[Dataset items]
Content starts
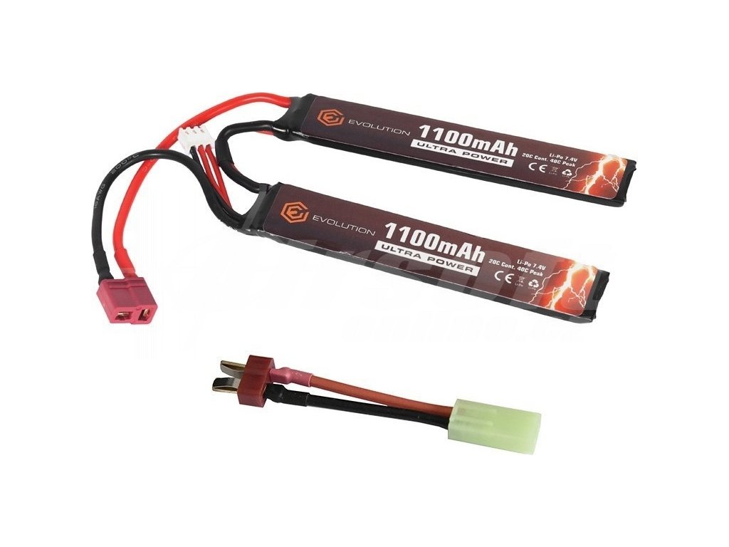 Li-Pol akumulátor Evolution Airsoft Ultra Power 7,4V 1100mAh – kompaktní síla v dvojdílném provedení
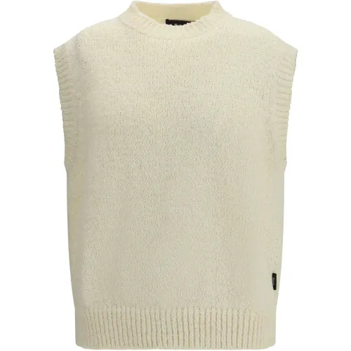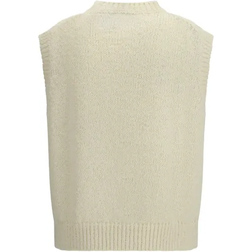 вязаный топ без рукавов цвета "off-white" с круглым вырезом и ребристым краем
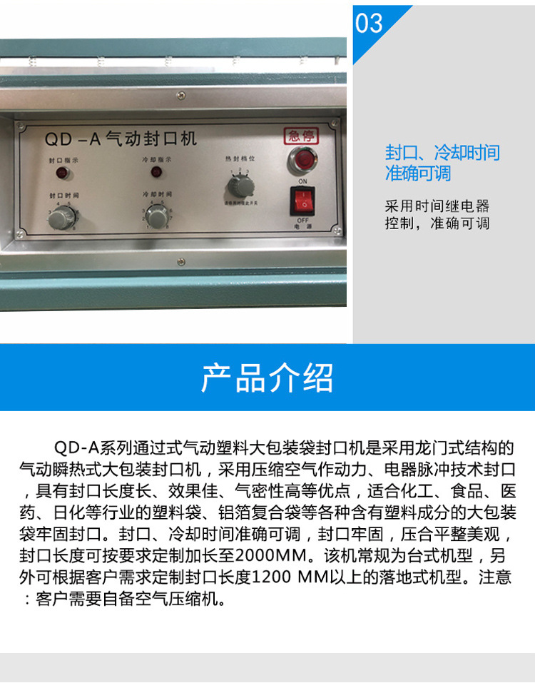 相反,當面對較厚的包裝材料,像是多層復合膜或較厚的塑料材質時,較低的氣壓無法讓封口模具有效壓緊材料,會導致封口不牢。這種情況下,需要提高氣壓,使氣缸推動封口模具產生足夠的下壓力,確保包裝材料的各個層面緊密貼合。同時,適當延長封口時間,給予加熱元件充足時間將熱量傳遞至材料內部,使內層材料也能充分熱熔,進而形成牢固且密封良好的封口。
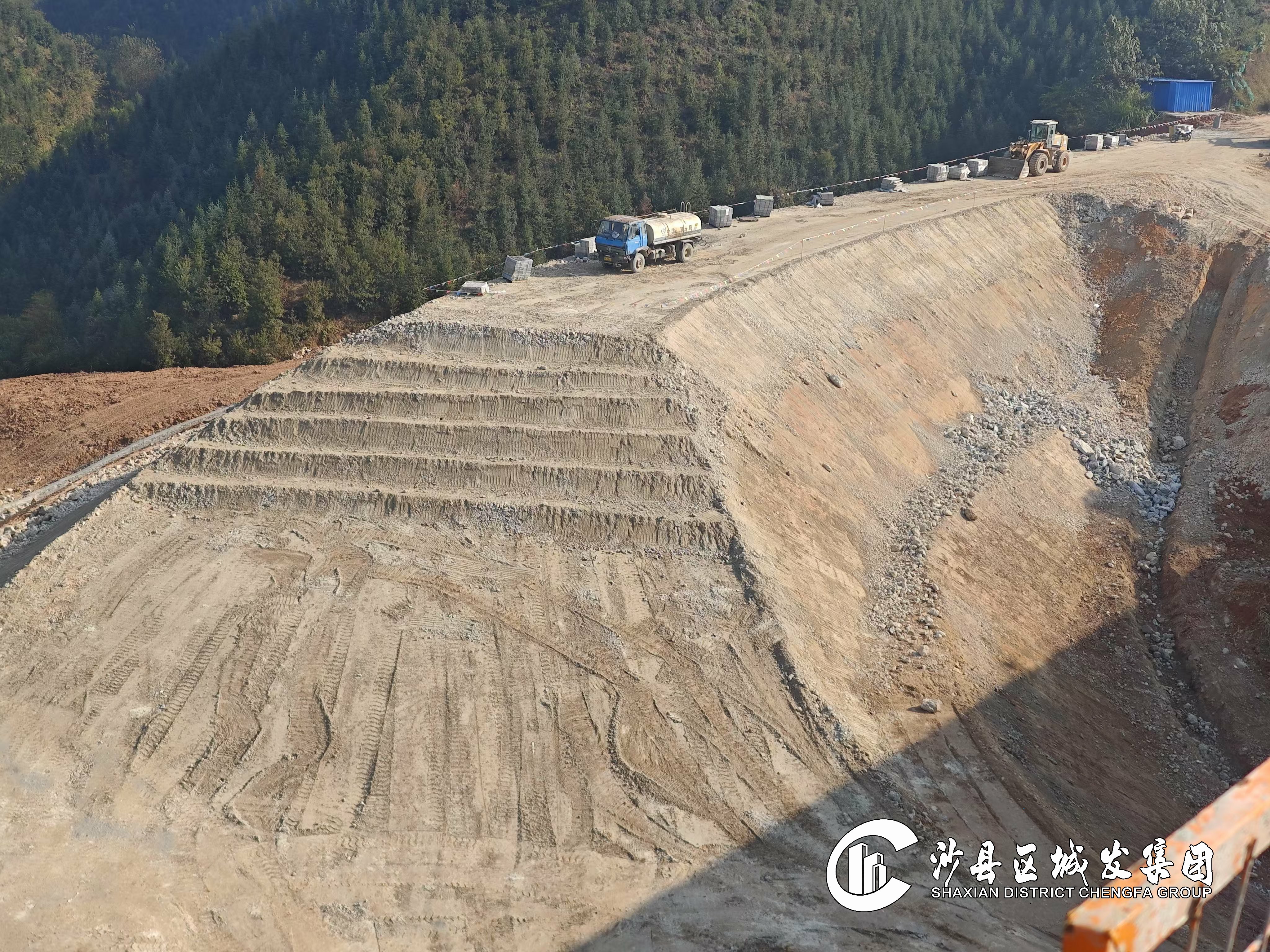 完成承台、地梁、高边坡框架梁、拱形骨架、设备房开挖、边坡支护、垫层、防水层和保护层施工。
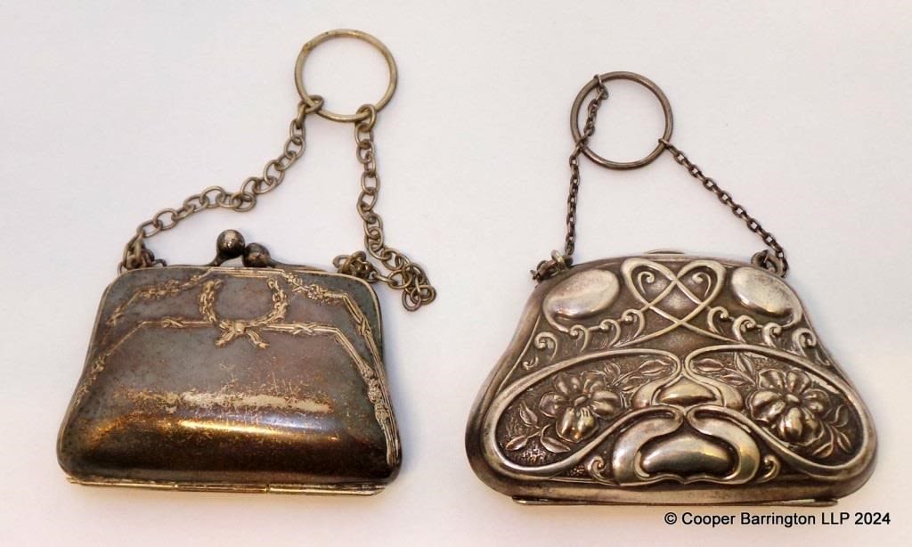 Antique Art Nouveau Silver Plated Purse with Stylised Repousse Decoration. Plus one other. Early 1900. (2 Items)
Content ends
▶ Your assignment
Every record must be copied exactly, with images dropped from the result.

▶ Exercise result
 Li-Pol akumulátor Evolution Airsoft Ultra Power 7,4V 1100mAh – kompaktní síla v dvojdílném provedení
 вязаный топ без рукавов цвета "off-white" с круглым вырезом и ребристым краем
 相反,當面對較厚的包裝材料,像是多層復合膜或較厚的塑料材質時,較低的氣壓無法讓封口模具有效壓緊材料,會導致封口不牢。這種情況下,需要提高氣壓,使氣缸推動封口模具產生足夠的下壓力,確保包裝材料的各個層面緊密貼合。同時,適當延長封口時間,給予加熱元件充足時間將熱量傳遞至材料內部,使內層材料也能充分熱熔,進而形成牢固且密封良好的封口。
 完成承台、地梁、高边坡框架梁、拱形骨架、设备房开挖、边坡支护、垫层、防水层和保护层施工。
 Antique Art Nouveau Silver Plated Purse with Stylised Repousse Decoration. Plus one other. Early 1900. (2 Items)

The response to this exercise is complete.